- Directed by: Hanny Saputra
- Screenplay by: Armantono
- Produced by: Chand Parvez Servia
- Starring: Laudya Cynthia Bella Angie Ardina Rasti Uli Auliani Mike Lucock Unique Priscilla Henidar Amroe Ayu Azhari Tio Pakusadewo
- Cinematography: Tommy Jepang
- Edited by: Wawan I. Wibowo
- Music by: Indra Qadarsih
- Production company: Starvision Plus
- Distributed by: Starvision Plus
- Release date: November 11, 2004;
- Running time: 105 minutes
- Country: Indonesia
- Language: Indonesia

= Virgin (2004 film) =

Virgin: When Virginity is Questioned (Indonesian: Virgin: Ketika Keperawanan Dipertanyakan) is a 2004 Indonesian film, written by Armantono, directed by Hanny R. Saputra and produced by Starvision Plus. The film examines the struggle between sexuality and morality in modern Indonesia. It stars Laudya Cynthia Bella, Ardina Rasti and Angie. Released on 11 November 2004, the film achieved domestic ticket sales of 1.1 million and was later adapted into a television series of the same name.

==Plot==
Sixteen-year-old schoolgirl Biyan (Laudya Cynthia Bella) wants to be a writer and is determined to remain a virgin until marriage. Her determination is reinforced by the womanizing of her father, which has affected her mother (Henidar Amroe).

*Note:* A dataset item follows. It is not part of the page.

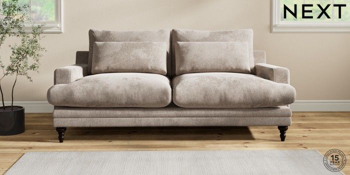 6.12.1 Buy Hutton Deep Relaxed Sit 3 Seater Sofa Chunky Chenille Light Dove Country Turned - Dark from the Laura Ashley online shop Click here to use our website with more accessibility support, for example screen readers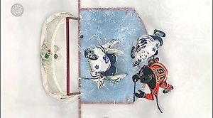 www.sports.ruВ этом моменте штанга сыграла за Павла Дацюка и не помогла вратарю Торонто Джеймсу Раймеру. Матч Торонто- Детройт состоялся сегодня ночью

Biyan hangs out with her schoolfriends Stella (Ardina Rasti) and Ketie (Angie Virgin). They belong to a group of materialistic teens who view virginity as old-fashioned and are not afraid to experiment with alcohol. Stella wants to get into acting but is tricked into appearing in a soft-core porn film, while Ketie prostitutes herself to older men in order to purchase consumer goods. Biyan attends an auction for the right to sleep with her idol, Merix. After Biyan outbids a gay man, Merix confides that he has never slept with a woman because he is embarrassed about his small penis.

==Reception==
Because the film contains nightlife and promiscuity, it was pulled from distribution in Makassar.

==Awards and Festivals==
1. Antemas Award Indonesia Film Festival 2005 as most Box Office

2. Best Art Director Indonesia Film Festival 2005

3. Moscow Film Festival 2005 - Invitation at Russian Audience official non-competition MIFF 2005

4. Film Nominated at Tokyo International Film Festival 2005 Wind of Asia

5. Best Actress Bandung Film Festival 2005: Laudya Cynthia Bella

6. Most Favorite Rising Star — MTV Indonesia Movie Awards 2005: Laudya Cynthia Bella

7. Best Cinematography Bandung Film Festival 2005 (Tommy Jepang)

8. Nominated Best Soundtrack Bali International Film Festival 2005

9. The first Indonesian movie released in India

== Sequel ==
A sequel, titled Virgin 2, was released on May 28, 2009.